|Is a hardware firewall necessary for colocated servers?|
Is a hardware firewall necessary for colocated servers, or will Shorewall (
Currently our colocated servers are behind a hardware firewall which is heavily locked down. I'm thinking of moving elsewhere, and the new hosting firm (a large and well-regarded on as far as I can tell from research so far) say they can't provide the same level of protection as our current setup. They can rent us a firewall of the sort which would be ok for an office DSL connection, but not suitable for busy servers, and they tell me I can of course purchase my own and colocate it with them.
Having looked into this, Barracuda Website Firewall Model 360 seems about right for our needs. However it's pretty expensive.
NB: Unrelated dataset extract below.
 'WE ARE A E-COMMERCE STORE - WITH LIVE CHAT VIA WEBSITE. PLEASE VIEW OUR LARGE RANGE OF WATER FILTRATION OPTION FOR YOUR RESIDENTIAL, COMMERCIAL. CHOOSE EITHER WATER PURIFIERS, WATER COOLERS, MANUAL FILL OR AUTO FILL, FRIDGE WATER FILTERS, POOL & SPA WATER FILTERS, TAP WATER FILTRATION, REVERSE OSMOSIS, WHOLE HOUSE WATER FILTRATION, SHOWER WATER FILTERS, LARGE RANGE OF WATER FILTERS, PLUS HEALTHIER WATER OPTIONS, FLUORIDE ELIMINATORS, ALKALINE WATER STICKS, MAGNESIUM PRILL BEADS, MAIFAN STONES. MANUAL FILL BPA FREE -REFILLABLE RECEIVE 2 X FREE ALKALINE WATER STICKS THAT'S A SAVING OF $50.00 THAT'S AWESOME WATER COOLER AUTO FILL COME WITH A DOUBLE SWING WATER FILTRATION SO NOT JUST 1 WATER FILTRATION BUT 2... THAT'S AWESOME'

It's not just the cost of the hardware (which is plenty in itself) but also the ongoing software updates, which are obviously necessary, and the cost of initial setup and commissioning - also pretty well mandatory, as no-one here has a clue how to set up one of these things, and a configuration error, such as for example blocking all spiders for example, would be somewhat disastrous.
Although I'd hate to share our SQL data with someone I don't know, and who quite possibly does not have good intent, there's nothing on the servers which could be used for immediate gain, such as card numbers or bank details. However, the servers being 'up' is vital to the business as revenue would dry up if they weren't.
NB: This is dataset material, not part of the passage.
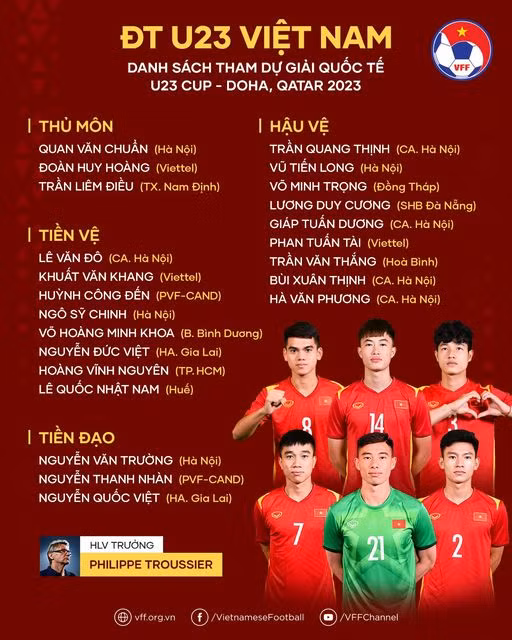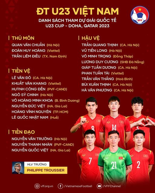 Chiều nay (16/3), HLV trưởng Philippe Troussier đã đưa ra quyết định về danh sách chính thức 23 cầu thủ đội tuyển U23 Việt Nam tham dự giải bóng đá quốc tế U23 Cup- Doha, Qatar 2023.

I'd be grateful if anyone with insight on this subject could give me a few clues to help me decide whether to write the big cheque, or go with shorewall (or something similar) instead.
The question you haven't answered is if your server is windows or linux. Most windows boxes sit behind a hardware firewall. Many/most linux boxes don't sit behind a firewall - firewalling is built right into linux. My webserver isn't behind a hardware firewall, it's inherent right in the server OS.
In fact - don't do this at home - you can create a firewall by installing linux on a spare computer and setting it up to moniter and guard the traffic.
So if you're running linux, go find yourself a linux consultant to lock down your box. A couple three hours and you should be fine - if not better than most hardware firewalls.
I've used cisco/sonicwall/watchguard firewalls with success. A key issue is throughput, use of IPsec of VPN, and other features. I only know barracuda for their spam appliances.
Also, if you are moving to a dedicated server provider, check around. I work with dozens of them and some do provide robust firewall solutions on a turn key basis.
Another consideration between the hardware/software question is that with vendors like cisco/watchguard/sonicwall you get support. This could be critical if that firewall goes on the fritz and you have to send someone to the data center to fix it.
There are many iptables based firewalls out there that run on Linux. Finding the one that best meets your needs will require some research.
I use FreeBSD. I have my box SO locked down that nothing can get in but me.
IPFW is your initial best friend... you can block whole areas (China, Russia) that can cause problems. If you don't need it... or don't want it public, shut it down. Don't EVER run Telnet, and you can move SSH and FTP (if needed, otherwise close it down!) to non-standard ports. Then you can use something like port sentry to close down anyone sniffing at what they think is your telnet port.
My box ONLY has 80 showing to the web, and that is firewalled by IPFW. I would not say I am totally impervious- you still have to keep up on vulnerabilities (like SQL baiting), but I sleep well at night!
Oh, and ALL this is Free on FreeBSD. I would think similar things are avail on other flavors of LINUX.